Information-based interim timing

By triggering interims when blinded information reaches the target fraction (rather than at fixed calendar times), the information fractions are stabilized across scenarios. This prevents the anomaly where high event rates cause excessive information at a fixed calendar time, leading to overspending or premature decisions.

In this update, IA2 remains information-based while adaptation uses a lead-time cutoff of at least 2 months before predicted enrollment close.

Futility at low information

Futility assessment is deferred when the observed information fraction is below 30%. The spending function approach uses \(\text{usTime} = \text{lsTime} = \min(t_{\text{planned}}, t_{\text{actual}})\) to cap spending.

IA1 includes efficacy/futility monitoring but does not permit SSR. SSR is attempted only at IA2. For operational feasibility, SSR uses an adaptation cutoff at \(\min(\text{IA2 time},\; \text{predicted enrollment close} - 2 \text{ months})\), with enrollment fraction at or below 100%.

When a trial stops early for futility, the reported final sample size includes subjects enrolled by the stop analysis date plus 2 months to reflect enrollment that continues during analysis/decision implementation.

Futility and efficacy crossing percentages are reported separately for IA1 and IA2 in the main simulation table.

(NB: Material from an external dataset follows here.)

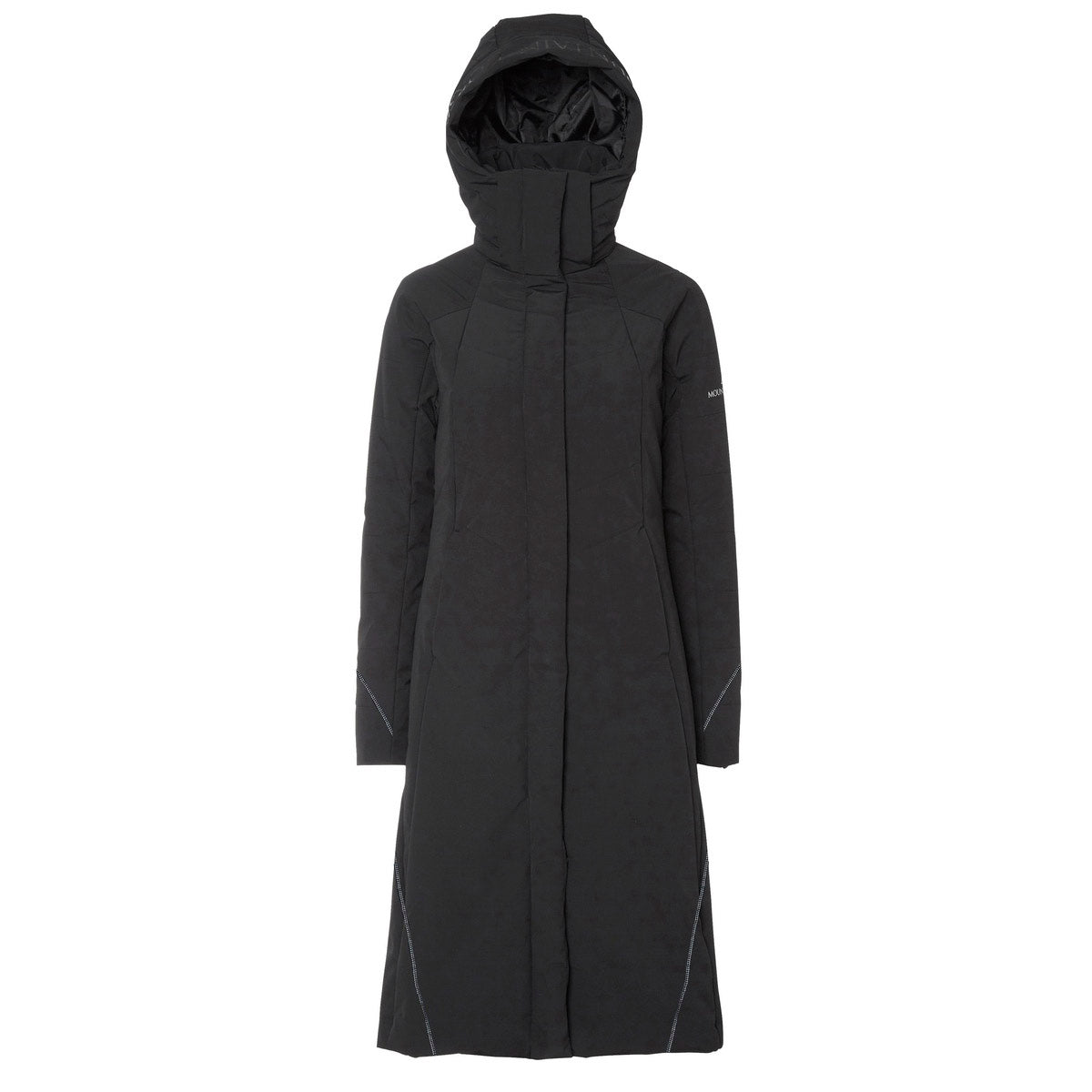 Abrigo acolchado ligero y funcional, resistente al agua y al viento gracias a su resistente tejido W.P.S 5000 con alta transpirabilidad y a sus costuras totalmente selladas. Forro con suave tacto de plumón. Diseño entallado y femenino con correas ajustables en el interior. Cuenta con una amplia abertura en la espalda, ajustable con broches de presión, que permite montar cómodamente. Se cierra frontalmente con cremallera YKK de 2 direcciones protegida por una solapa. Diseñado con bolsillos delanteros con cremallera y forro de poliéster contra la palma de la mano, bolsillo interior con cremallera y bolsillo interior de malla para guantes, etc.. Sus mangas precurvadas y sus puños interiores elásticos en la parte inferior de la manga, proporcionan comodidad en los movimientos. Presenta detalles reflectantes en la parte delantera, en la espalda y en las mangas y el logotipo MH reflectante en la manga izquierda. Cuenta con capucha desmontable y ajustable con el logotipo MH de silicona en el borde de la capucha.

Blinded information fallback

At each candidate cut time the simulation first attempts to estimate blinded statistical information via calculate_blinded_info(). If the blinded estimate is unavailable or non-positive (e.g., too few events for the NB model to converge), the simulation falls back to unblinded information from mutze_test() (\(\mathcal{I} = 1/\text{SE}^2\)). If both methods fail, a hard-coded constant of 100 is used as a last-resort placeholder so that the search does not stall. The simulation results table reports the number of trials that required this fallback at each interim analysis.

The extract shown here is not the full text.